I’m beginning to think that I should have named this blog “Lessons from a Baby” instead; who would have guessed I could learn so many? Yesterday we had a lesson in patience – a 2 hour wait in a doctor’s waiting room. (Is that why they call them that?)
Paul, of course, was reasonably good in the waiting room. He had Mommy and Daddy, a few nice toys, a doting aunt, and a quiet room. When he was hungry, he got to eat, and there were usually interesting people to talk to. What more could a baby want?
The office staff, of course, commented on how ‘good’ he was, and one made the comment that he was “a lot more patient than some of our adult patients”. (Is that why they call them that?)

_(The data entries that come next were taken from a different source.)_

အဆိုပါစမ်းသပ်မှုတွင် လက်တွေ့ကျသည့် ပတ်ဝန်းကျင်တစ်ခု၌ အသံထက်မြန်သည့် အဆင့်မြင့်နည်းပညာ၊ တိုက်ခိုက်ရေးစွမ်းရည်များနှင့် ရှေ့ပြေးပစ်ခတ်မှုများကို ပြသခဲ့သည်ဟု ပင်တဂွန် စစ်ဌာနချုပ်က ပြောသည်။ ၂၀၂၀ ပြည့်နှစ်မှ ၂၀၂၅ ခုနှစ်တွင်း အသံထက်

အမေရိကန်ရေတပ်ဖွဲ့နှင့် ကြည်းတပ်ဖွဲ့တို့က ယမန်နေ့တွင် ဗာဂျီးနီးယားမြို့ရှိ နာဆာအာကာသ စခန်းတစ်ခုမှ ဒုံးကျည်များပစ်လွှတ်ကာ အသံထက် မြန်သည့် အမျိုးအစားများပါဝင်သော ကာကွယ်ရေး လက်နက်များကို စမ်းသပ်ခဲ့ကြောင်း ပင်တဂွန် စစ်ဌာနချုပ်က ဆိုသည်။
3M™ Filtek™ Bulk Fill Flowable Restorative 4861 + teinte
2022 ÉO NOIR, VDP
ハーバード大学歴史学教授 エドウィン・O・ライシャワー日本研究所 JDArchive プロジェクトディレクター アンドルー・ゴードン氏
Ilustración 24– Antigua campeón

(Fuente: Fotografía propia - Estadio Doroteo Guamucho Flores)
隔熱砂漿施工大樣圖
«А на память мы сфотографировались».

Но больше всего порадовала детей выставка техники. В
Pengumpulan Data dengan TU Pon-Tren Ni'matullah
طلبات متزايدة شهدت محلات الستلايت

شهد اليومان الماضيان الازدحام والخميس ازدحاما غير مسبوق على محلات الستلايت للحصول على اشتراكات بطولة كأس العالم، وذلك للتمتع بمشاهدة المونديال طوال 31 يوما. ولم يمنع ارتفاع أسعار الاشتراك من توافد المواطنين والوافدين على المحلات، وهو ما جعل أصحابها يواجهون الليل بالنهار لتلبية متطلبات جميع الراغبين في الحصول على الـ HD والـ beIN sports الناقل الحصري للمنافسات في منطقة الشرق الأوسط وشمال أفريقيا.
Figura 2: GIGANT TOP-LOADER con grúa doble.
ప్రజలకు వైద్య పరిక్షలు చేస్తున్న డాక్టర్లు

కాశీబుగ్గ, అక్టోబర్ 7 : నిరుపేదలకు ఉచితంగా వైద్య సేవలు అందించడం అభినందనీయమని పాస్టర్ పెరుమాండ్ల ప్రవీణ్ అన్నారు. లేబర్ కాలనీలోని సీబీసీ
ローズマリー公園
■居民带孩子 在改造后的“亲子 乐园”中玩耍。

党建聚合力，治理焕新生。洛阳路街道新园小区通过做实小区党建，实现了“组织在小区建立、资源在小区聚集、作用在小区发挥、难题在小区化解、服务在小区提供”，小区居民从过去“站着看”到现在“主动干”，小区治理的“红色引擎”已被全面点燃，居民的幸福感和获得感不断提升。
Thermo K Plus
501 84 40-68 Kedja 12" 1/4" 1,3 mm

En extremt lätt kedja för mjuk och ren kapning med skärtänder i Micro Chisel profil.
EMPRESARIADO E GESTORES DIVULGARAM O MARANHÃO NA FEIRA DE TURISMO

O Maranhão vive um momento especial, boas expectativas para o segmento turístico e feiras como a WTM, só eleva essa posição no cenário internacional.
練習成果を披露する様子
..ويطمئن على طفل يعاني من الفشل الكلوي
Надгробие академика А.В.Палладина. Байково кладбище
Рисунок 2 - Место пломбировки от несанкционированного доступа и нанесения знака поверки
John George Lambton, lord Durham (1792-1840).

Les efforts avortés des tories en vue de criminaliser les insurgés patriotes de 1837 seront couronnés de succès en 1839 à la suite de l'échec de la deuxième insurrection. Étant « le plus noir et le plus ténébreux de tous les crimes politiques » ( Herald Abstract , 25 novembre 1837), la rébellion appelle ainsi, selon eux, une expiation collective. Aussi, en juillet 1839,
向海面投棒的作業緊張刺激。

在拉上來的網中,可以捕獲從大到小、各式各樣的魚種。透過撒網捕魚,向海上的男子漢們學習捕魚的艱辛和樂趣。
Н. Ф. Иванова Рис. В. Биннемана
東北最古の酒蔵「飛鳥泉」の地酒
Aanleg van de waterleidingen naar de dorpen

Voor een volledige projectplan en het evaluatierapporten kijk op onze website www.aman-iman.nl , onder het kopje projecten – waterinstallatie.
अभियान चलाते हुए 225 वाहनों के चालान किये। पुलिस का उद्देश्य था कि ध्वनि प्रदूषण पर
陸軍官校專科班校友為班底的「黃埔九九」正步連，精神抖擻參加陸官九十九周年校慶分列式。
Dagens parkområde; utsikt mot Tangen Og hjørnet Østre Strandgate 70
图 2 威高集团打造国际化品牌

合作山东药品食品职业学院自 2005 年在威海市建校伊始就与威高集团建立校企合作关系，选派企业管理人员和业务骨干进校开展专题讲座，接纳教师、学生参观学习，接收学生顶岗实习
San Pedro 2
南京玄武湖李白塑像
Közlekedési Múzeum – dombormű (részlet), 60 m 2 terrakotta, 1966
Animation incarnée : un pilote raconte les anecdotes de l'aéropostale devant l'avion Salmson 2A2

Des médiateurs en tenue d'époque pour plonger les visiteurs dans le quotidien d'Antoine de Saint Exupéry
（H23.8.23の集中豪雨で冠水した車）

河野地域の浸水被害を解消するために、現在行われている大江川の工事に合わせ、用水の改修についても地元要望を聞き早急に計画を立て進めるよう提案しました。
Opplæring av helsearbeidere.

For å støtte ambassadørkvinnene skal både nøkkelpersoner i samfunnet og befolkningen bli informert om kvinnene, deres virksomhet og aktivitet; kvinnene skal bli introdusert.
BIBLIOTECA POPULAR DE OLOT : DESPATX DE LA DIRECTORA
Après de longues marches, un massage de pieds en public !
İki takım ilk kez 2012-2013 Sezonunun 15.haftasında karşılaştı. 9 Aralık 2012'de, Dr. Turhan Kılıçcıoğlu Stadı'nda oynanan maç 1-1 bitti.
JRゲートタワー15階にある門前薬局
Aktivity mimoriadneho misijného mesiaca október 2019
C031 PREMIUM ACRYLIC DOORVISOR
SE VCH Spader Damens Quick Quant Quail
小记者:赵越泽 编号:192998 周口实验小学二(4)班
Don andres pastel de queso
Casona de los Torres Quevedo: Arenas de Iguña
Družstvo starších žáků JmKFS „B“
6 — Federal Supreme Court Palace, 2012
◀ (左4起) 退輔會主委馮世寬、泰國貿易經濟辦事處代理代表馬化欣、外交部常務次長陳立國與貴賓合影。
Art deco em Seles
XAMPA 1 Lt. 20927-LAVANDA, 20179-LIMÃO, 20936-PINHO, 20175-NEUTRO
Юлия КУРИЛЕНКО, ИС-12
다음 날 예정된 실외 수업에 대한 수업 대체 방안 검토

I thought to myself, of course he is! There was nothing at all to make him unhappy or uncomfortable, (it is really a very nice waiting room) and, perhaps more pertinent, he had no expectations – of how long he would be there, of things he intended to get done afterwords, of what would happen that afternoon at all. He was being a baby and living in the moment.
My mother always said that it was Expectations – with a capital E – that made a lot of life’s disappointments and frustrations. If you did not Expect a certain thing, she would tell us, you would not have trouble being content when it did not come.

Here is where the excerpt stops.